"... most people forgot that the very oldest stories are, sooner or latter, about blood."
(Hogfather, Terry Pratchett)
A Revolution is about to happen in Romania.
This is the last Christmas people will legally be allowed to kill pigs by 'sticking' them.
For those who don't know what that means - basically cutting the major blood vessel in the pig's throat whist it is still alive and letting it bleed, slowly and noisily, to death - ostensibly, in order to catch as much of the blood as possible (for black pudding making) as the still beating heart pumps like mad in the extremely distressed and dying porker.
Another view might be that the European Union's animal cruelty laws are about to bang another nail in the coffin of traditional culture and ethnic life styles: Romania joins the Union on the first of January.
The two weekends before Christmas are the traditional 'Pig Killing' days in this part of the world.
I was reminded of this fact Saturday morning when the squeals of the 'first sacrificed' filled the village.
Looking across from the vantage of a hillside location, a number of large fires were being started in courtyards and a heavy haze was settling in the still air. The fires are used to burn off the bristles and to boil the copious amounts of water needed to process the carcass of a full-grown pig. Burning pig flesh and hair soon added pungency to the normal aroma of wood-smoke from domestic fires.
I have become quite used to 'country ways' and have little of the townie's qualms about killing animals for food (or clothing - try living without a fur hat in the cold winter temperatures of Eastern Europe, say -15 degrees Celsius, on an income of under 100 Euros a month which isn't sufficient to buy the petrol-derived-artificial-fabrics 'politically-correct' fashion dictates) but 'The Pig Killing' still makes me angry.
There is no need for it - a bullet (or bolt) in the head and hoisting the dead animal up in order to let the blood drain under gravity is just as effective (but try telling that to the 'we've always done it this way and it tastes better' brigade).
What struck me this year though was the amount of blood wasted - not many people seemed to be collecting it.
As I walked through the village to go and buy supplies of bread and beer I had to step over several streams of blood and water flowing out of the courtyards across and into the channels which run down to the valley's main brook.
A couple of times I had to step through sheets of red which had spread across the muddy road.
Once I passed a rather furtive looking dog – there are a number of mangy village mongrels whose parentage and ownership is somewhat hazy – which had taken possession of a string of guts, and was mixing bouts of furious chewing with dragging its prize to a place of comparative safety.
Another sign, I thought, that the sausages were not being made.
Then my mind went walkabout.
‘Now that’s a sight you won’t see in the centre of Manchester!

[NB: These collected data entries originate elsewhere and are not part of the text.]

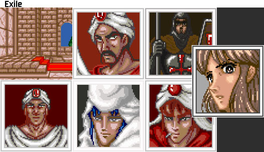 Left: This graphic was used as a marker for unused character pic slots. English translation is “Who are you/Who is this”. (Thanks to John for the translation.)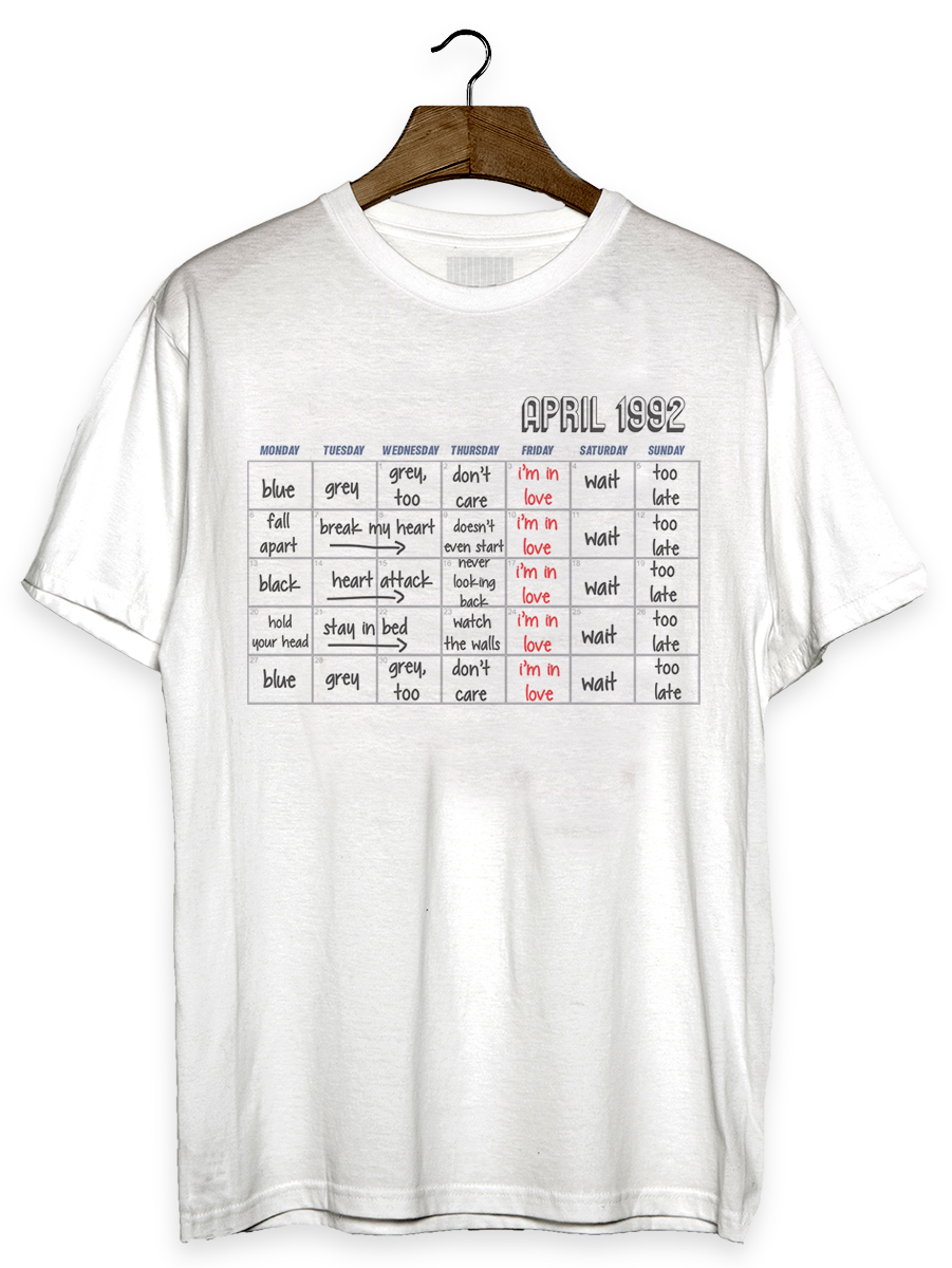 Camiseta com estampa sobre a banda The Cure e sua música Friday I'm in Love.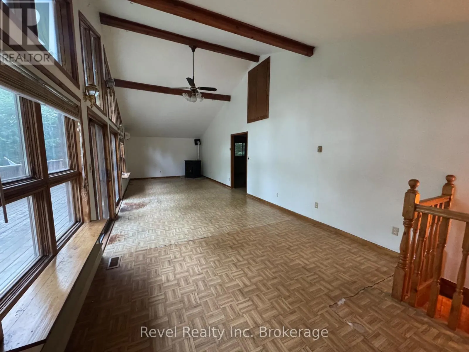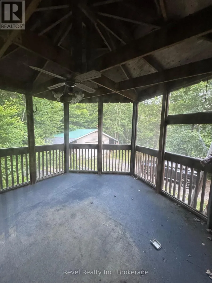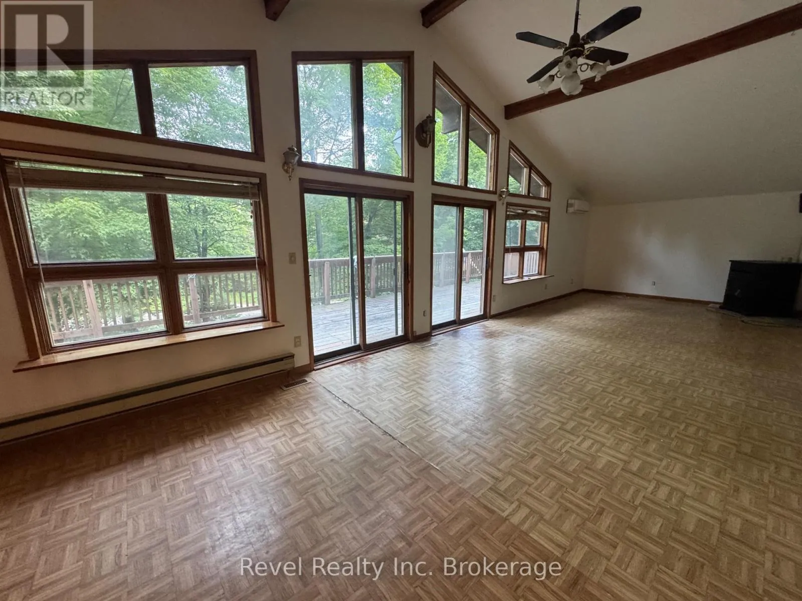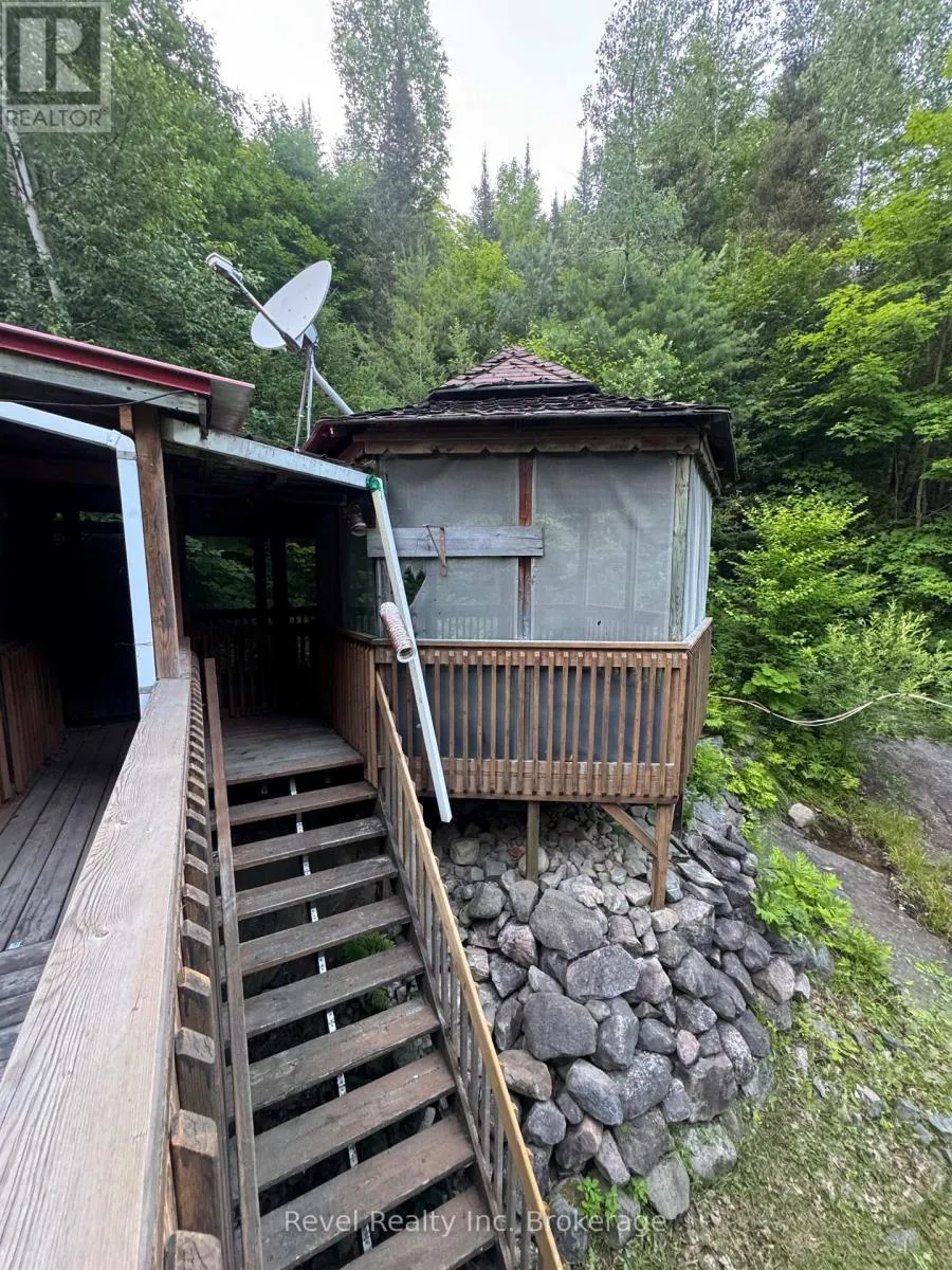 Cross Streets: Main St. ** Directions: From the village of Sundridge; Main Street east to Forest Lake Road to #1670. Nestled on 50 acres of picturesque mixed forest, this well-maintained chalet-style home offers a private hillside setting directly across from crown land and the tranquil waters of Joly Lake. Beautifully landscaped with perennial gardens and stone walkways, the property blends natural beauty with thoughtful design. Inside, the main level features maple hardwood and ceramic flooring, charming wood accents, and a gourmet-style kitchen complete with a center island, oak cabinetry, built-in appliances, and a ceramic backsplash. The open-concept layout is perfect for entertaining or relaxing by the air-tight wood stove. A convenient main floor laundry adds to the home's practicality. Upstairs, youll find a spacious living room with cathedral ceilings, a walkout to a wraparound balcony with gazebo, two bedrooms, and a four-piece bath featuring a Jacuzzi-style tub. Additional highlights include an oversized detached garage, central vacuum, drilled well, circular driveway, and hard-wired generator backup. Located just 10 minutes from the village of Sundridge, this property is ideal as a year-round residence or a recreational retreat. (id:27476)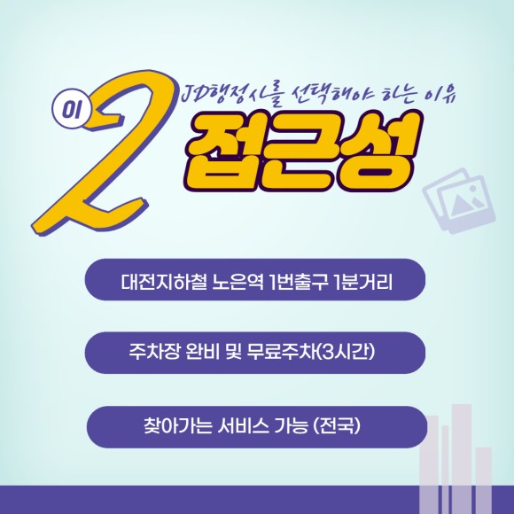 두 번째는 접근성입니다.차량으로 오시면 유성IC에서 내려 5분 이내에 오실 수 있으며 건물 내에 주차장이 지하 3층까지 있어 무료로 넓은 주차장을 이용하실 수 있습니다.차량의 출입구도 넓기 때문에 운전이 미숙한 분도 문제 없을 테고요.차가 없으신 분은 노은역 1번 출구로 나오면 사무실 파란 간판이 바로 보입니다.걸어서 1분 거리도 안 돼요.그리고 대전이 전 국토의 중간에 있는 것처럼 찾아가는 서비스도 가능합니다.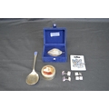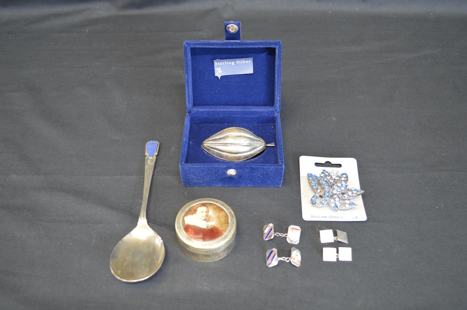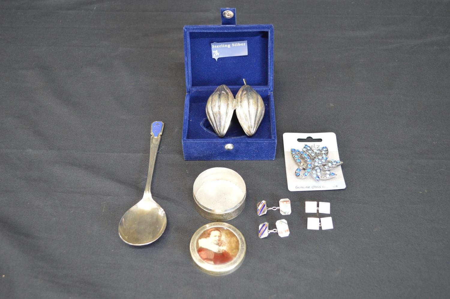 Quantity of sundry items to include: silver cocoa pod trinket box with engraving, silverplated Jubilee spoon, brooch, circular trinket box, pair of silver cufflinks and pair of base metal cufflinks
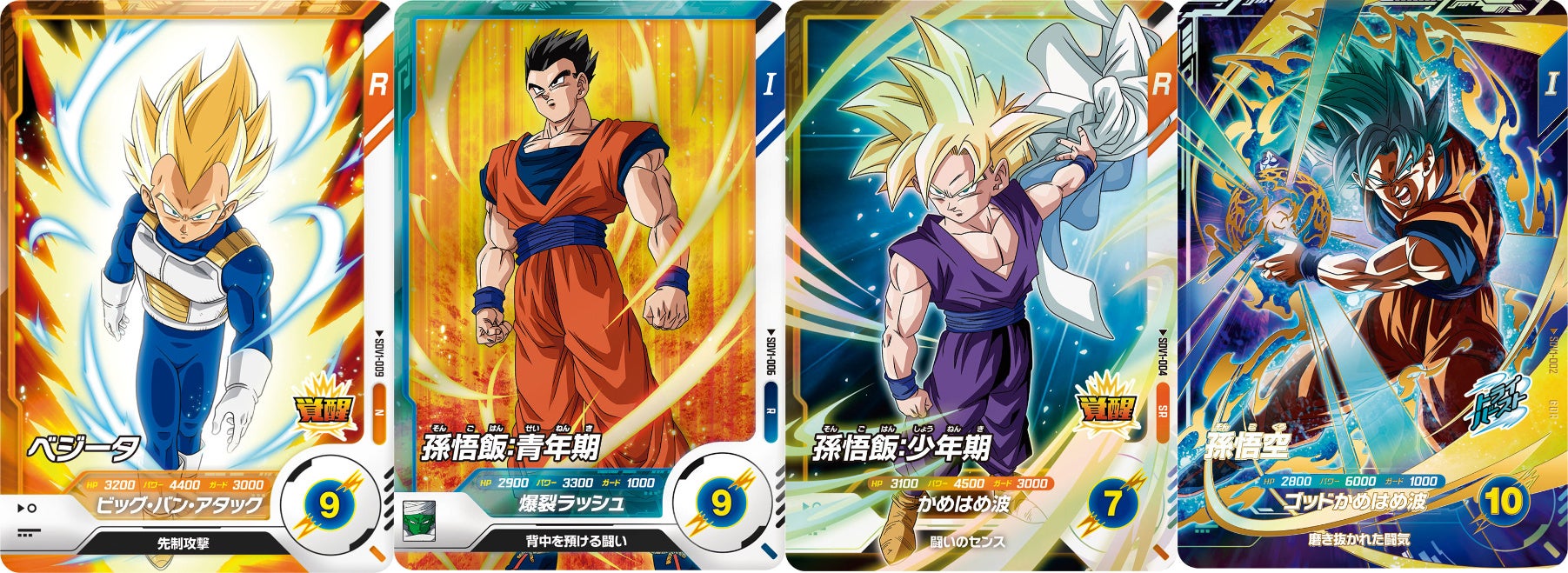 左から、ノーマル(N)、レア(R)、スーパーレア(SR)、ゴッドレア(GDR)

In fact, when do you see blood in Manchester?’
And, ‘I bet Shakespeare saw blood as a child – in fact, they’d have been sticking pigs at this time of year in Stratford, back then.’
There is a lot of blood in Shakespeare.
Watching death on TV – even real death, in wars and executions (Christmas in Romania is the Ceaucescu-execution-on-TV season too) – is not the same. Blood is distanced. It is contained, without the smell, at the control of a switch.
In films and theatre, nowadays, it is Kensington Gore, and no matter how realistic it seems, the disbelief is suspended and deep inside the spectator’s head, it is not blood. It is not death. And most modern theatregoers have never experienced real blood and death anyway – sanitised hospitals and ‘Brompton Cocktails’ rule.
They used real blood – pig’s blood in fact – at, The Globe.
And there was a daily familiarity with the reality of killing – from childhood.
The children and grandchildren are involved in my village still – keeping the fire going, fetching and carrying, watching.
I am reminded of the drowning kitten poem of Seamus Heaney – Early Purges.
There will always be people who do the ‘dirty work’ – the executioners (and surgeons) – and killing should be humane – but the rest of the world is losing its grasp on one aspect of reality essential and omnipresent: Blood.